A mysterious sentient source herds telepathic envoys to create utopia. Ina becomes involved in her own revolution that could overthrow the people behind the technology that has helped her understand her innate strengths and destiny. She doesn’t know everything about the technology that rules their lives. What is Em hiding?

In a world of expository and forgettable prologues, Freedom Doesn’t Grieve’s defies the boring prologue trap with colorful language, intriguing symbolism, and memorable action.

Resnick’s writing style is full of vivid and concrete descriptive language. The writing is the strongest when describing the setting, as we get a combination of tangible and abstract descriptions that capture the full scope of the landscape.  The world-building is also supported by the wide range of settings throughout the book. The different people, places, and technology that the characters interact with help the reader piece together this complex new world.

We’re immediately pulled into our protagonist, Ina’s, internal conflict. Alone and separated from her father, Ina desperately misses her loved ones. Ina’s backstory is revealed concisely, but we get all the information we need to recognize what is at stake for her.
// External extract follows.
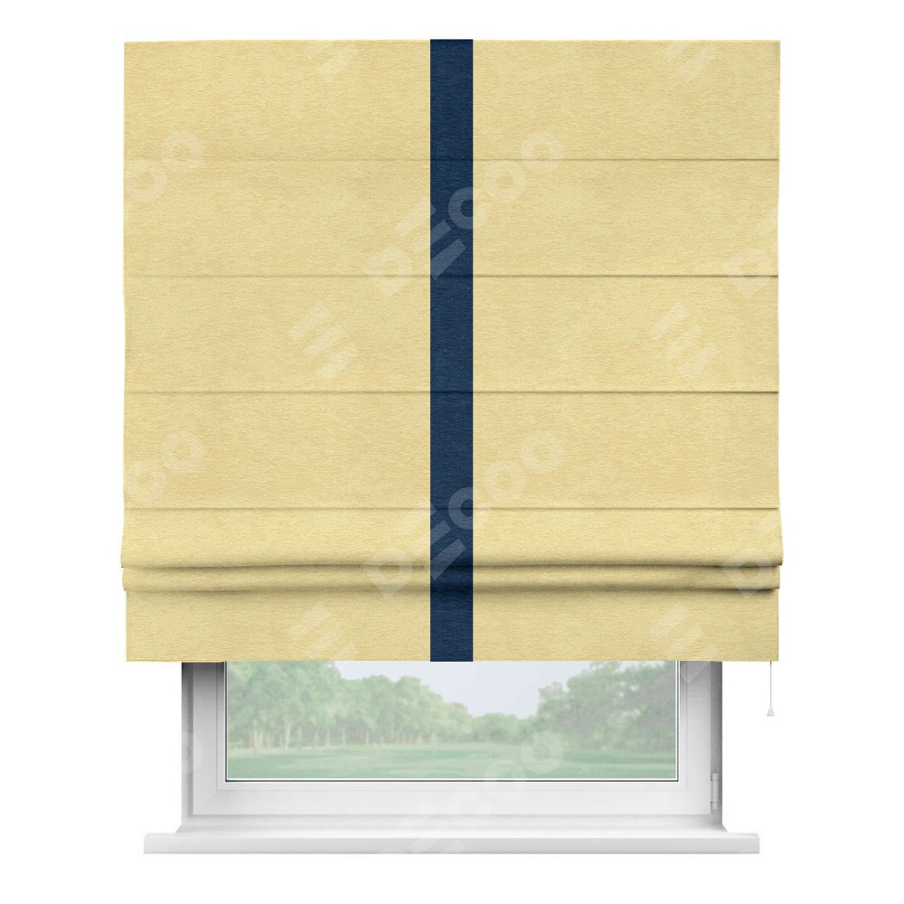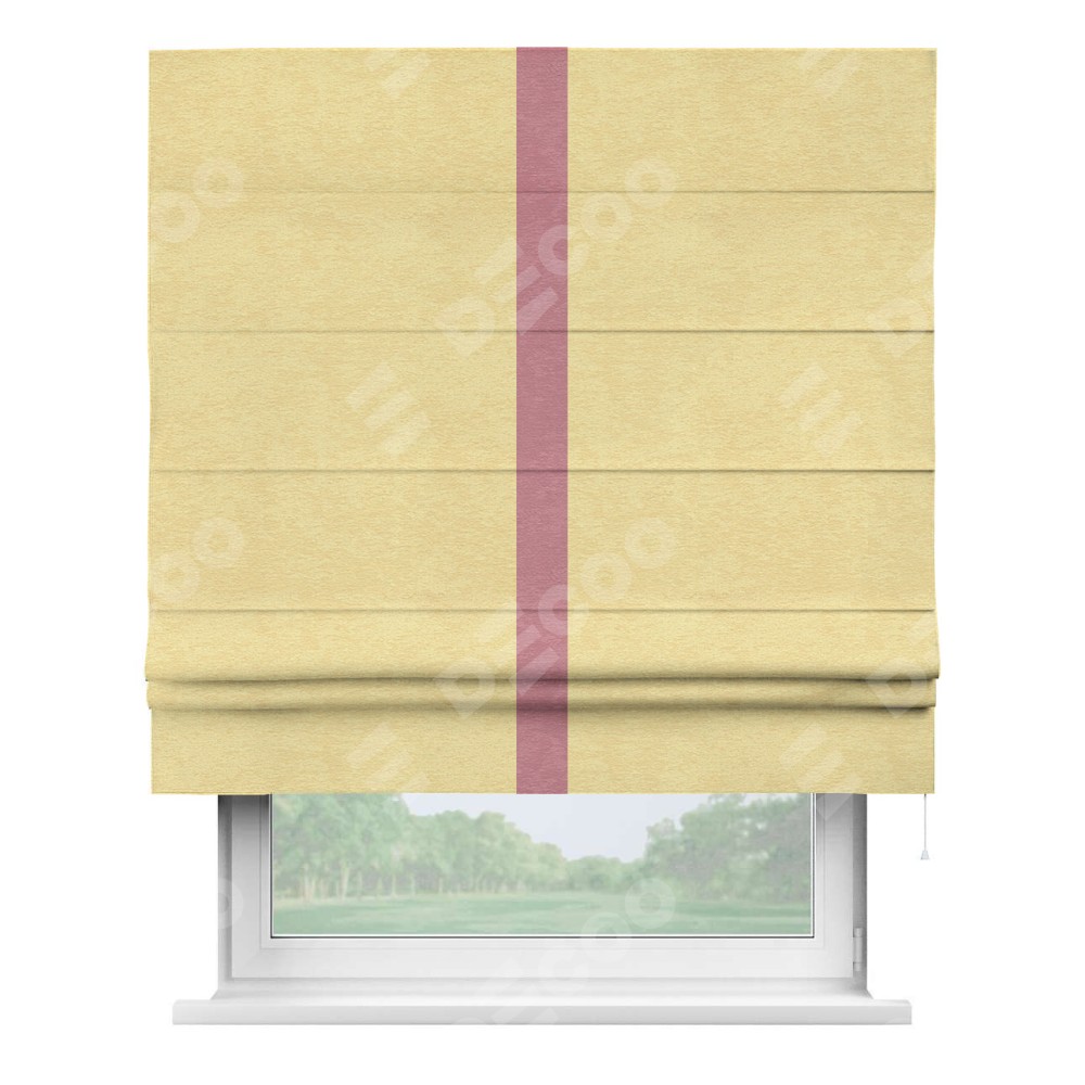 Римская штора производителя «Cortin», используется для проёма, пошита из ткани софт однотонный золотой, артикул 42934. Отделка шторы кантом «Хайвэй», ткань для канта используется из софта разной расцветки на выбор. Имеет универсальный механизм и подходит для монтажа: на потолок, на стену и в нишу.

The first quarter of the book lays a solid foundation to understand the world. After that, we are thrust into the technology, ideology, and community that make up this society. When we dive into this futuristic world, we’re immediately acquainted with intriguing technology, a mysterious system “breach,” and characters we can empathize with. The pacing is swift and embodies the whirlwind journey that Ina experiences.

At times, the book reads like a compilation of scenes rather than a linear story. Although this style keeps the pace fast, it lessens the cohesiveness between chapters. This also distances our relationship with the characters because we observe the characters’ transformations and growth rather than experience it with them. We connect with them for one moment at a time rather than for the full journey.

Ina isn’t a protagonist without faults. In the book’s middle third, Ina’s character voice becomes inconsistent. Sometimes she’s knowledgeable and seemingly wise beyond her years, other times she will relentlessly ask questions, and on the occasion, she’ll fluctuate between being prudish and exaggeratedly risqué, which may not jive with readers of all ages.

The climax and final scenes of the book are exhilarating. Intense and captivating, they are some of the most immersive moments of the book. Readers will feel frozen in time as they watch the dramatic ending unfold.

Freedom Doesn’t Grieve is a futuristic SciFi novel that is creative, vibrant, and cool. In Freedom Doesn’t Grieve, familiar lands are reimagined in a futuristic world dominated by mind-bending, yet alluring, technology and an omniscient source that fuels it all. Readers will be mesmerized by the breadth and depth of this standalone SciFi.